In the case of the statistics (number of views) are available for the users, that's an issue because 2 people can share the same statistics for a same url.

Another open question would be : "What about `http://` vs `https://`"? Do they have a different short url?

### More 100.000 users shortening 5urls/day!
#### Server load
Let's assume this app is hosted on EC2. The safest setup would be to have a minimum of 2 instances, behind an ELB. We could set up an Auto Scaling Group that would creates more instances whenever the existing ones overpass a CPU threshold. It could also scale down during lower traffic time.

If there are so many new urls created every day, we can assume we are going to have a way bigger traffic in redirection. For this problem, we need a better caching system than the one I implemented within the app.
There are many options, here are the ones I'm familiar with:
- Cloudfront: as a AWS service, you pay for what you use
- Varnish: there is more devops work to keep these up and running
The problem with a caching outside of the application is that we loose our ability to keep track of the statistics per url as we do now.

#### Database
DynamoDB should be a perfect candidate, as it provides a linear scaling.

But we would need to adjust the Provisioned Throughput (read/write). The read one should be amortized by the caching system, but the write needs to be increased.
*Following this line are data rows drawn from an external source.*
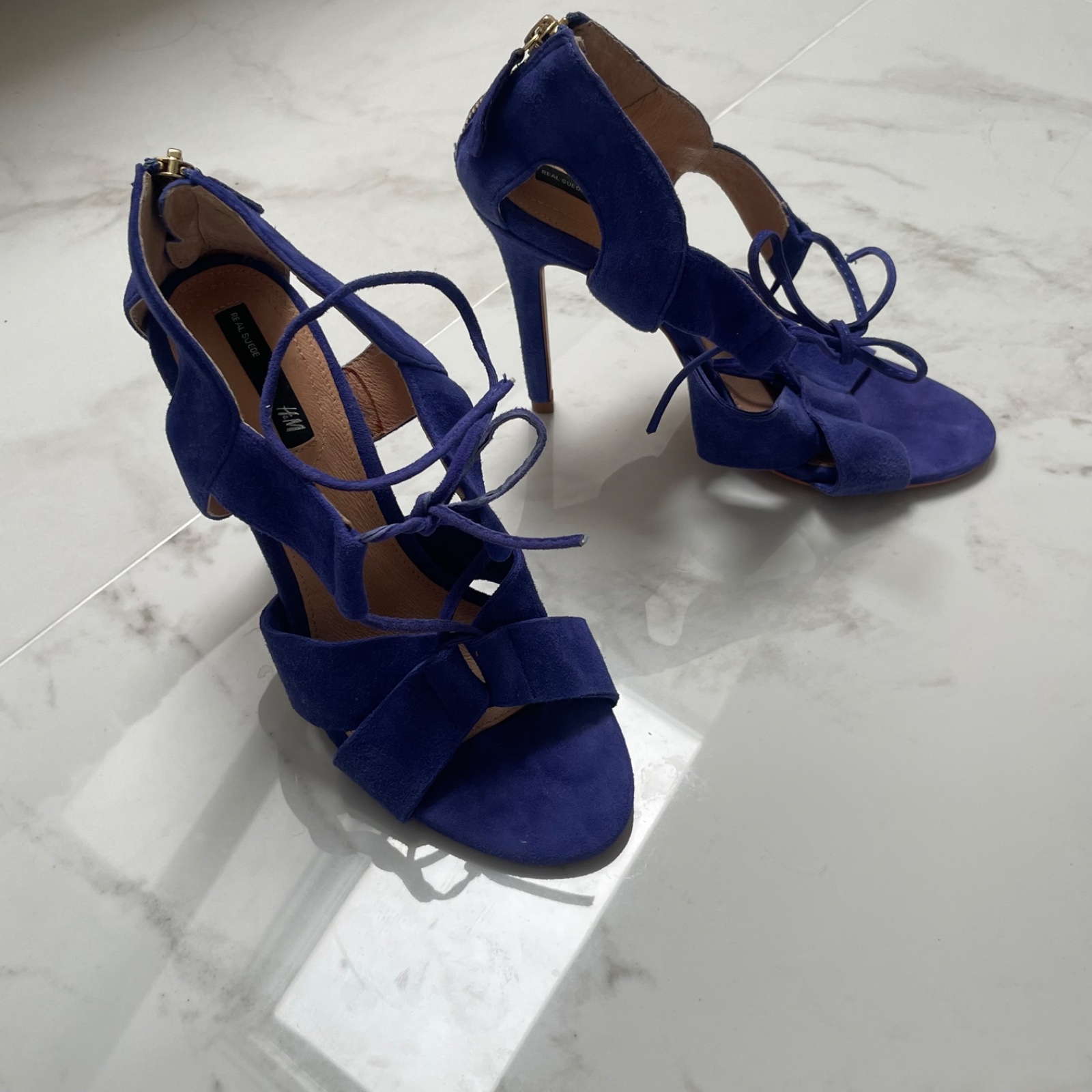 H&M Premium kráľovsky modré semišové lodičky
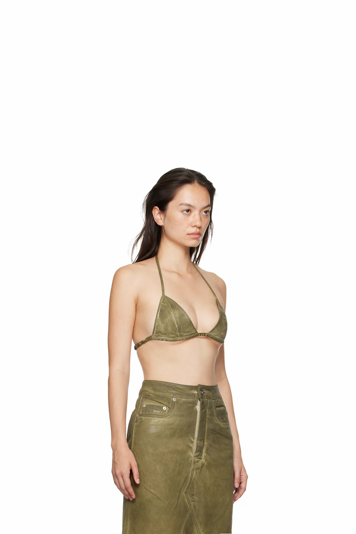 Foil-coated lightweight stretch denim bra.
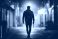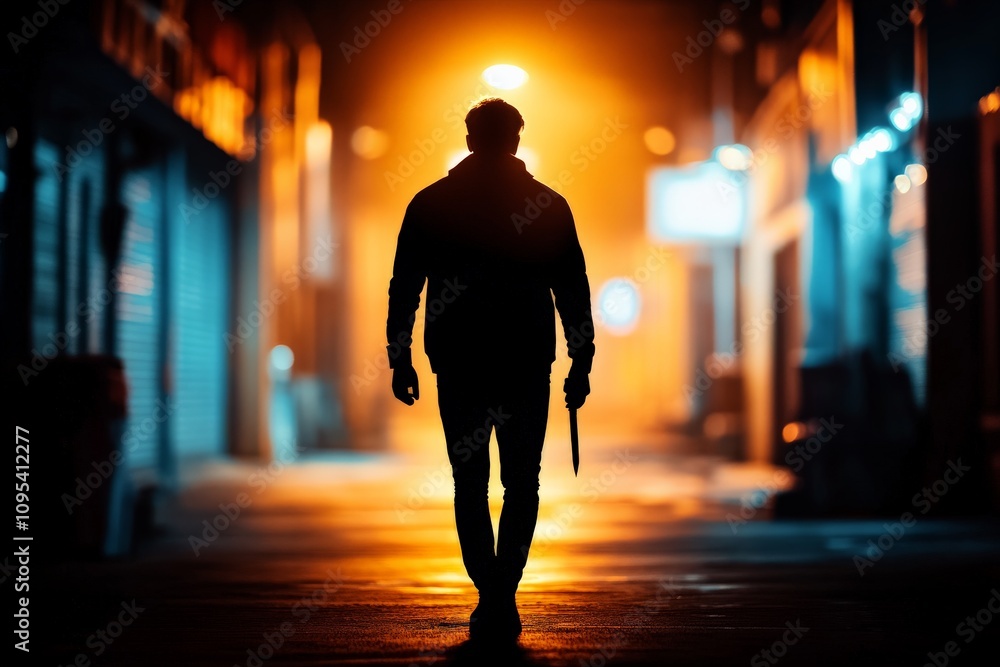 The silhouette of a man walking confidently down an alleyway while holding a knife, highlighted by intense yellow and blue lighting, creates a suspenseful ambiance. #1095412277
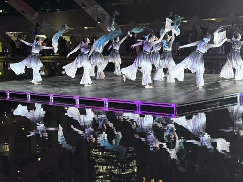 不同舞蹈团体将民族舞与现代舞交织融合,舞姿灵动飘逸。夜幕下,舞者在水上舞台翩然起舞,衣袂翻飞,倒影随波摇曳。灯光与舞影交织,水面泛起粼粼波光,仿佛一幅流动的画卷,为节日增添了诗意与华彩。
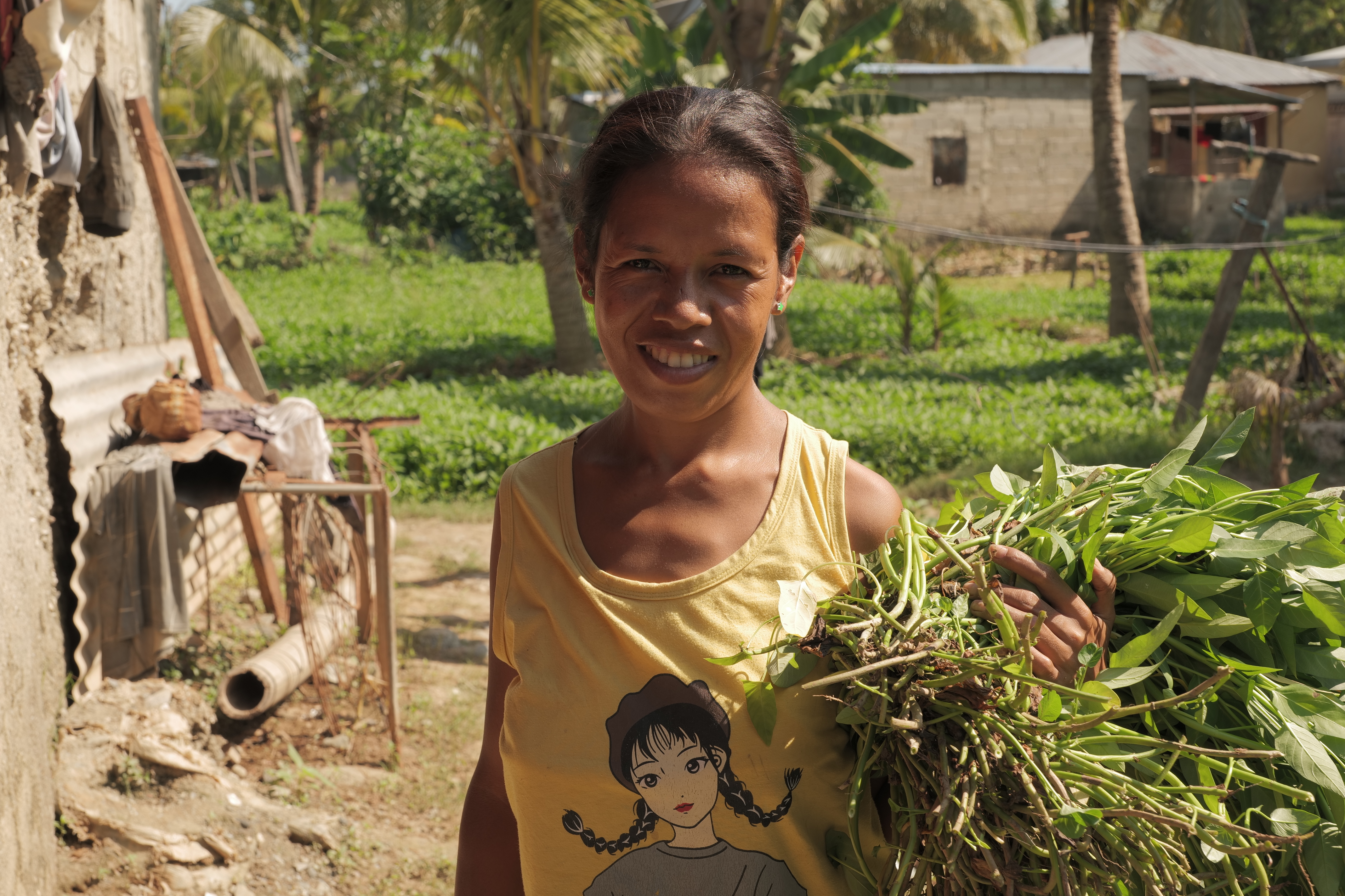 Anatolia’s business is often a full family affair. Sometimes, her children help clean and gather the water spinach. While her husband has his own separate job, he also spends time with Anatolia in the fields and at the market whenever he can. “He always helps me with my business. He always helps me out when he is off duty,” says Anatolia. “My family is good, my parents-in-law are also good. They always help me. I feel their support in my water spinach business.”
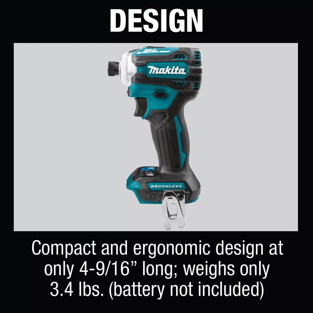 Makita has a legacy of innovation in the cordless impact driver category and the 18-Volt LXT Brushless 4-Speed Impact Driver (XDT16Z) sets new standards. The XDT16Z offers users 4 speeds, as well as Makitaโs exclusive Quick-Shift Mode for increased fastening control. Quick-Shift Mode uses the brushless motors electronic controls to find the best balance of speed and torque for each application for more efficient fastening. Another precision setting is Tightening Mode (T-mode), which downshifts and reduces rotation and impact speed prior to driving the screw into place and is engineered to minimize screw thread stripping, screw breakage and damage to work. The XDT16Z delivers industry-leading performance in a compact and ergonomic design. Added features include the 1 touch 4-speed power selector button under the chuck, which enables 1-handed speed changes and reverse rotation auto-stop mode which stops rotation and impact when the fastener is loosened adequately to help prevent over-loosening and dropped fasteners. Its part of Makitaโs expanding 18-Volt LXT system, the worlds largest cordless tool system powered by 18-Volt Lithium-Ion batteries. Makita 18-Volt LXT batteries have the fastest charge times in their categories, so they spend more time working and less time sitting on the charger. This bundle also comes with E-01351 Impact XPS 2-3/8 in. Magnetic Insert Bit Holder and E-00773 ImpactXPS #2 Phillips 2 in. Power Bit, 3-pack.
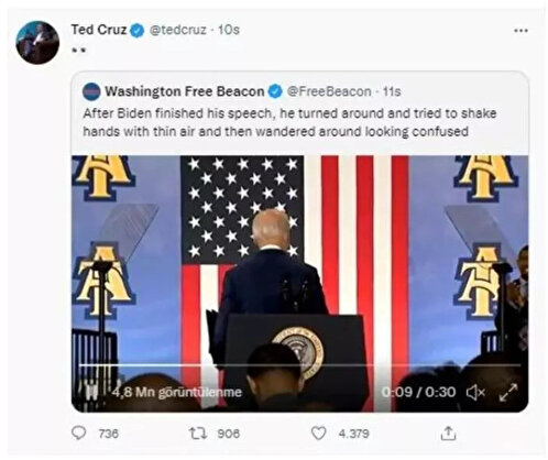 Biden'ın konuşmasını bitirmesinden dakikalar sonra 51 yaşındaki Texas Senatörü Ted Cruz sosyal medyaya düşen görüntüleri Twitter hesabından bir göz emojisi eşliğinde paylaştı.
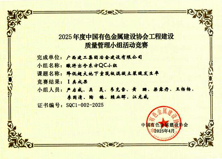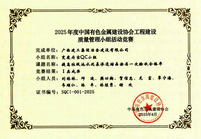 近日,中國有色金屬建設(shè)協(xié)會公布2025年度中國有色金屬協(xié)會工程建設(shè)質(zhì)量管理小組活動競賽結(jié)果,冶建公司申報的4項成果中,有三項獲得Ⅰ類成果,一項獲得Ⅲ類成果。公司此次申報獲獎率100%。

It's also very important that all the partitions get equally populated, with a good partition key. This shouldn't be an issue as it's a random hash right now.

If we decide to avoid the external caching in order to keep the number of views per url, we should postpone the update of views number in the database. A good solution would be to gather these updates in Redis, and a worker would randomly get the new changes (a whole bunch of new views per url) and update the database.

#### Id
The `id` is made of 6 characters, meaning there are 2.176.782.336 combinations. At this rate of 500.000 urls a day, that gives us 11 years before all the `id` are used. When that happens, we could increase to 7 characters, giving us ... 430 years.

The problem is more the way we randomly choose a new id, check in the database if unique, if not it tries again. When more and more ids are used, there are more and more chance of collision and so the function will take more time to get an unused one.
A bloom filter would be probably good to faster this process.

## Todo
- Logout
- Paginate the admin page, not to show all the urls
- If the service is very popular, and there is no more free unique id, increase the number of characters required for an id
- Right now, a new id is created randomly; it will take more and more time when the free space will reduce
- Use a Bloom Filter to check for the existence of a given id
- Buffer the incrementView calls (Redis), and so update one entry once for many views
- Stub the database's client for the tests
- Deal with DynamoDB's throughput limits
- Add a expire option
- Avoid loops: short url of short url